The API probably feels like the C and C++ libgpiod v2 APIs as I had a hand in those as well (Bart did the work, I did some reviewing and updated the tools), so I probably pushed him in the direction of the Go API I wrote while developing the GPIO uAPI v2 itself (I needed something to drive it from userspace, didn't know Rust then, and updating libgpiod was way too much work - which is one of the reasons libgpiod v2 only just released. So Go did the job at the time.) Though the constraints of writing an extensible and backwardly compatible library interface in those languages adds a whole load of ugliness (maybe not warts, but definitely plenty of pimpls), so my apologies to anyone that has to use them. My Rust API followed the Go, more or less, though as Rust understands ownership the resulting API is clearer, IMHO.

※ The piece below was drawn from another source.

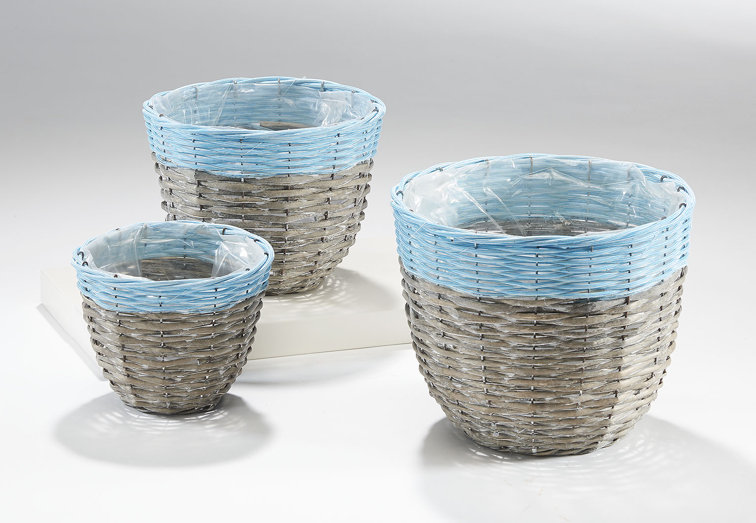 Schönes Übertopfset aus Weide und Polyrattan von Kobolo. Fügt sich aufgrund seiner Farbgebung perfekt in sämtliche Einrichtungsstile ein. Die Übertöpfe sind mit Folie ausgeschlagen, das ermöglicht ein sauberes Bepflanzen. Mit Blumen bepflanzt sind diese Übertöpfe auch eine pfiffige Geschenkidee zum Beispiel zum Geburtstag, Muttertag oder Ostern. Maße Ca.Gr1 Ø19cm x Höhe 15cm , Gr2 Ø24cm x Höhe 19cm , Gr3 Ø28cm x Höhe 23cm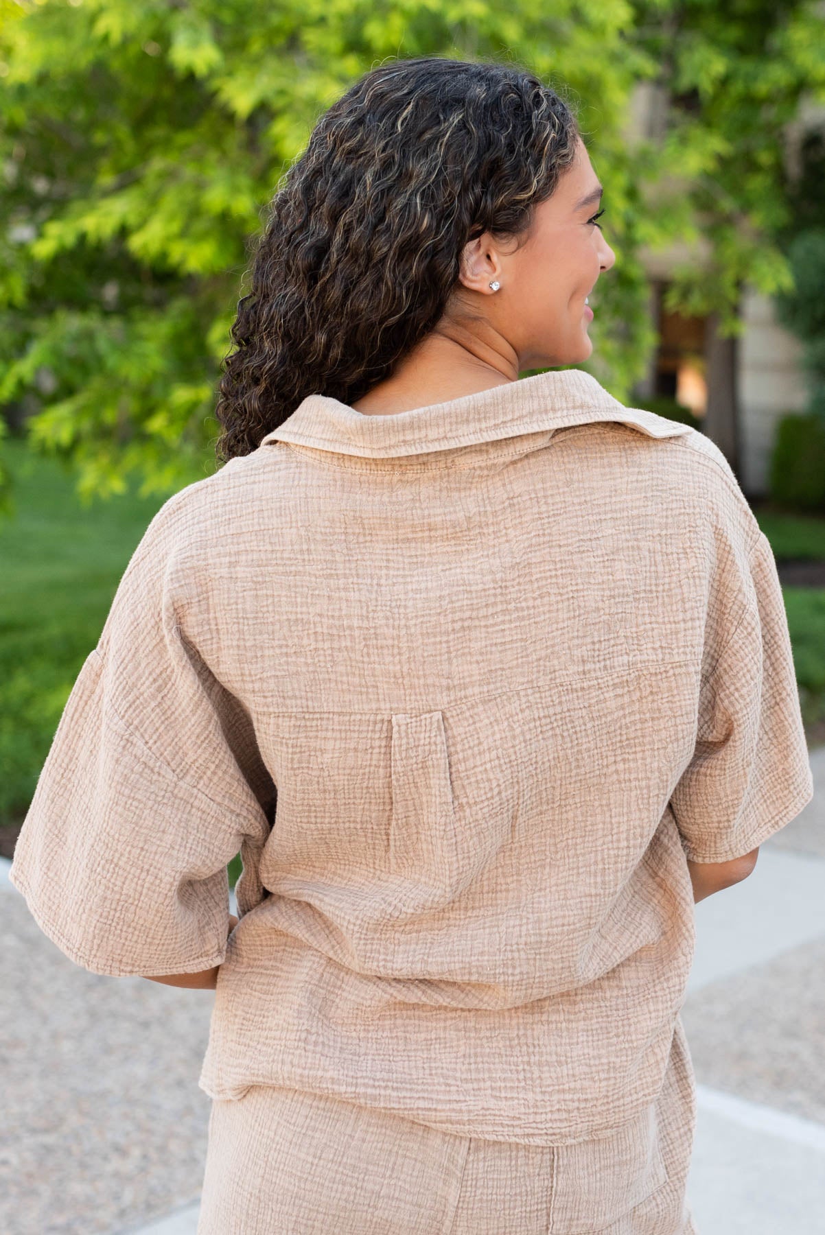 - Cute collar detail and slightly boxy fit

On a related note, Linaro thought it was better to write a Rust binding for libgpiod v2 than go Rust native, so libgpiod v2 has a Rust binding included as well (I did some reviewing on that too). That makes little sense to me, as that binding has to deal with the aforementioned C library ugliness, and you gain a dependency on libgpiod itself, when it could just go direct to the ioctls, as gpiocdev does.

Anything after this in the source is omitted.